#### [Exercise aim]
Copy, word for word, the opening line of the data and each line after it until the line that contains "A woman screams", which is included. Leave the pictures out.

#### [Data section]
________________________

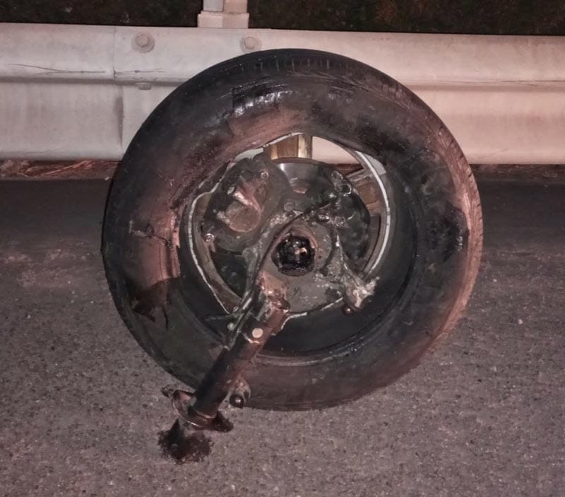 En la autopista circulaba Manuel Javier V., a bordo de su camioneta marca GMC, tipo Terrain. Repentinamente, por una posible falla mecánica, la llanta delantera de su camioneta salió volando y él perdió el control.
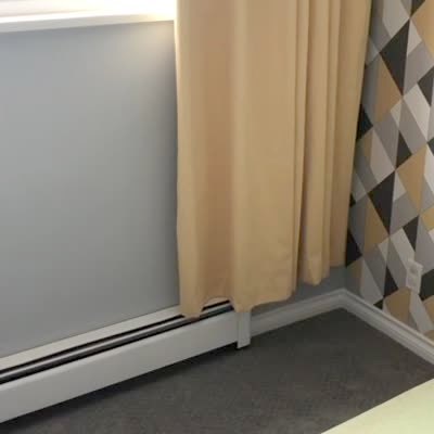 A woman screams and laughs in a hotel room when she takes the covers off of a bed in a hotel room and finds her friend hiding under the bedding.
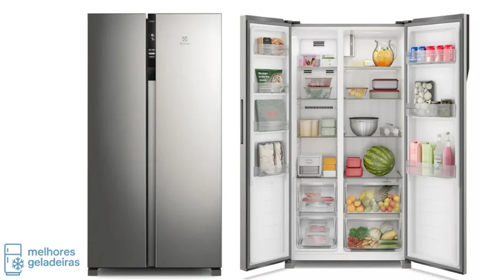 No refrigerador Side by Side, as portas se abrem como um guarda-roupa: freezer à esquerda, refrigerador à direita. Essa divisão vertical permite acomodar enormes volumes sem exigir profundidade exagerada. Modelos atuais chegam a 600 L, com proporção de 40 % freezer e 60 % refrigerador.

________________________

#### [Solution for this task]
 En la autopista circulaba Manuel Javier V., a bordo de su camioneta marca GMC, tipo Terrain. Repentinamente, por una posible falla mecánica, la llanta delantera de su camioneta salió volando y él perdió el control.
 A woman screams and laughs in a hotel room when she takes the covers off of a bed in a hotel room and finds her friend hiding under the bedding.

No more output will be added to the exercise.